- **MATERIAL FOR THIS TASK**:
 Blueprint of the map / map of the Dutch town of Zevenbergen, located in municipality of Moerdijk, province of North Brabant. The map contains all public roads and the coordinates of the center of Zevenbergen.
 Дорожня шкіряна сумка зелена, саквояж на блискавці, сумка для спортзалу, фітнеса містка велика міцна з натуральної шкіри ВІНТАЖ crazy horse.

...

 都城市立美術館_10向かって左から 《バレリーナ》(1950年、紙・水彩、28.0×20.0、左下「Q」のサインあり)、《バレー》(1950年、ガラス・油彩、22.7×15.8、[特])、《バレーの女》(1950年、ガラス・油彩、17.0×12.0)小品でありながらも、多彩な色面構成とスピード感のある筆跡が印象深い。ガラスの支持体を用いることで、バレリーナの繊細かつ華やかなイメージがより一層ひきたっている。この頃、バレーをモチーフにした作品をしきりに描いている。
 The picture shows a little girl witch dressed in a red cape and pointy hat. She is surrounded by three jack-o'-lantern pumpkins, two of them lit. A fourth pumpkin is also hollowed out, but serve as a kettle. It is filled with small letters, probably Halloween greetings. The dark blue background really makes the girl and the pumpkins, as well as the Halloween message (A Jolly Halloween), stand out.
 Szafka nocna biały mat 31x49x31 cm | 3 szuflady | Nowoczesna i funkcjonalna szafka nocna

==

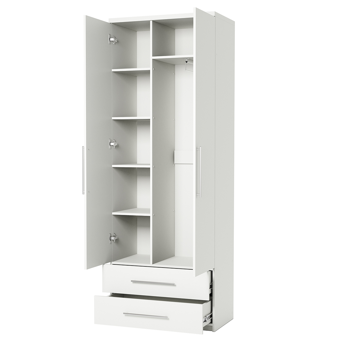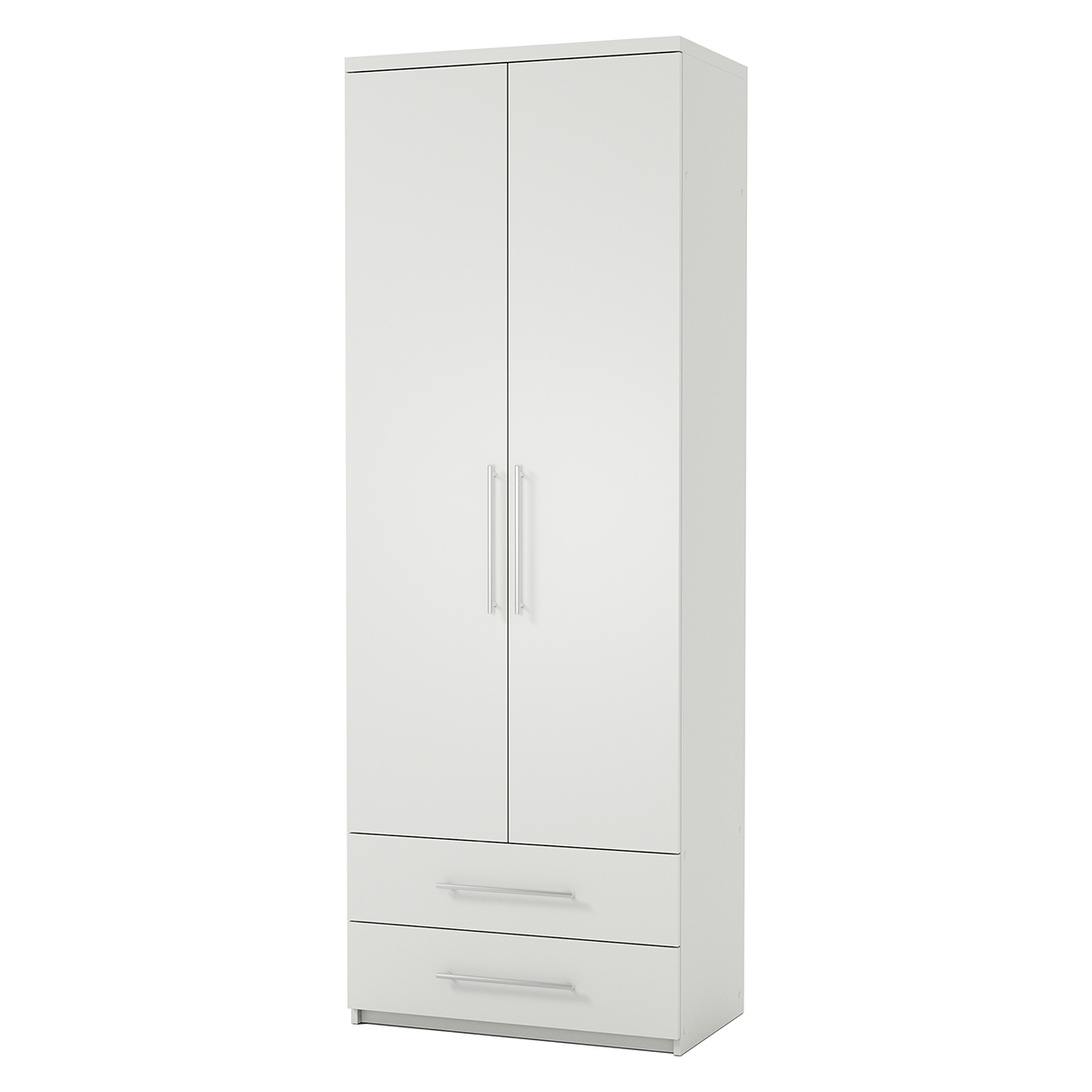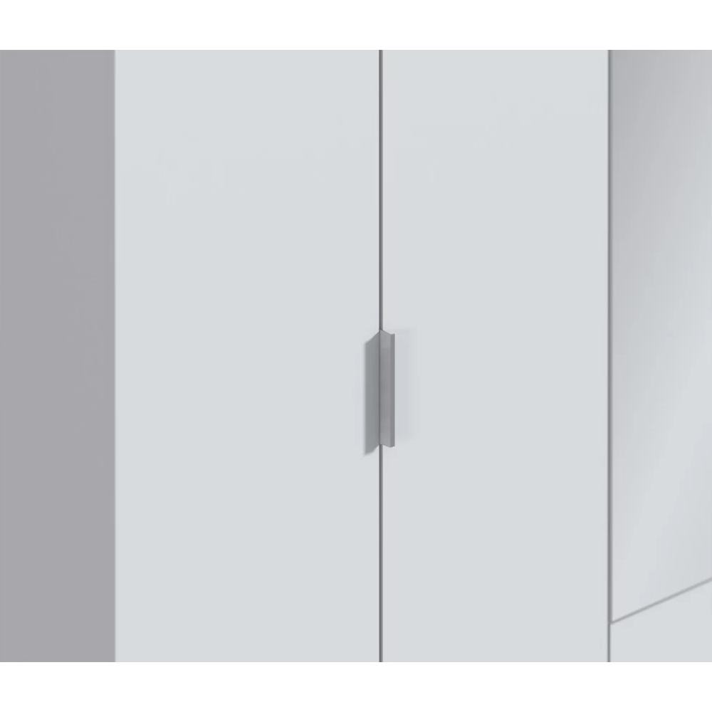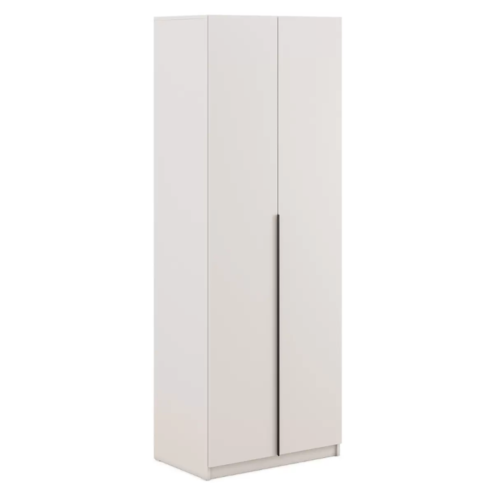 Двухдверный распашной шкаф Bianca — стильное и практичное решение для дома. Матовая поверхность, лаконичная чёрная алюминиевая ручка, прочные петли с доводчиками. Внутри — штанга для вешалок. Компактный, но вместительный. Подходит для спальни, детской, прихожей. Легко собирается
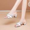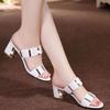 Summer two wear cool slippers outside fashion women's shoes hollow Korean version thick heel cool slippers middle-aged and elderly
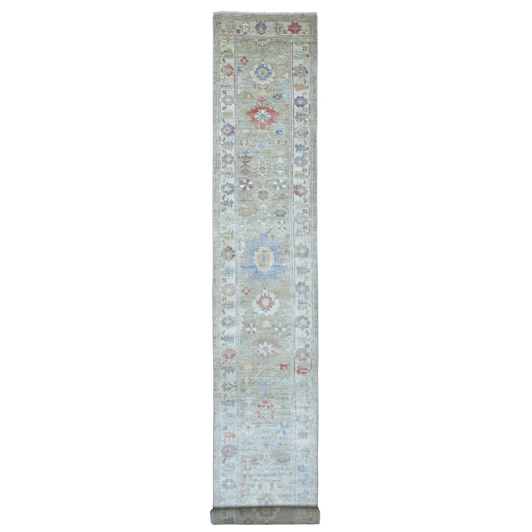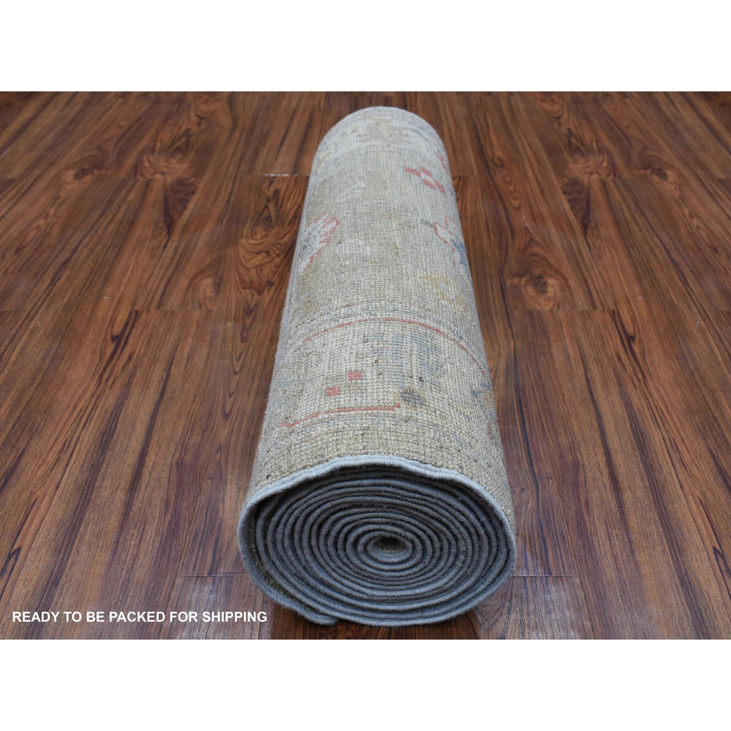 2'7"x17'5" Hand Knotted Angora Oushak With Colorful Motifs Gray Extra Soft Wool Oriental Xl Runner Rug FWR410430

- **TASK BRIEF**:
Could you return exactly the lines above from the line with "Blueprint of the" to the line with "Дорожня шкіряна сумка", both included, and nothing else?

- **PROBLEM SOLUTION**:
 Blueprint of the map / map of the Dutch town of Zevenbergen, located in municipality of Moerdijk, province of North Brabant. The map contains all public roads and the coordinates of the center of Zevenbergen.
 Дорожня шкіряна сумка зелена, саквояж на блискавці, сумка для спортзалу, фітнеса містка велика міцна з натуральної шкіри ВІНТАЖ crazy horse.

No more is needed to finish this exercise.